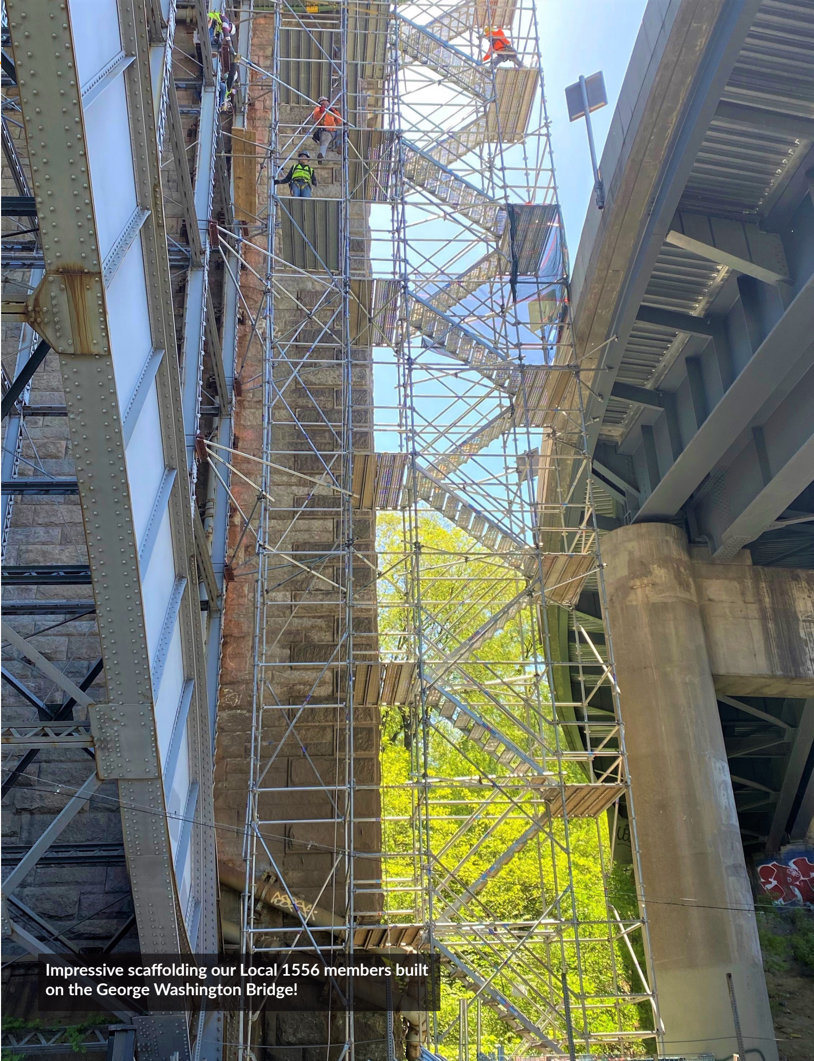
Impressive scaffolding our Local 1556 members built on the George Washington Bridge!
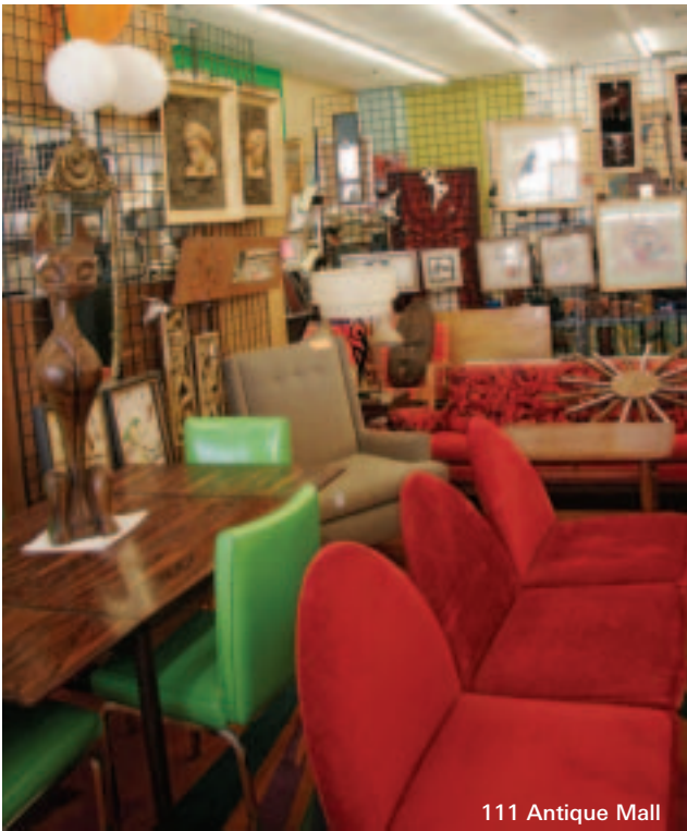
111 Antique Mall

laughing now. The duo has what Connell calls “two supermarkets of mid-century Modern.” With more than 23,000 square feet of space and nearly 100 dealers between them, you could easily spend the entire morning at either of these two malls. If you can’t find something in one of the 111 Antique Malls, you’re simply not trying. The greater challenge is showing restraint among the sea of vintage pottery, glass, lighting, furniture, and art – from kitsch to high-end, from a $12 ashtray to a $2,500 sectional. Hall and Connell say right now their younger customers are clamoring for ‘70s furniture – think chrome, Lucite, and mirror-covered pieces.

====================

▶ [WHAT YOU SHOULD DO] Going through the data above, count each line that contains "Antique" and give only that figure.

▶ [RESPONSE] 2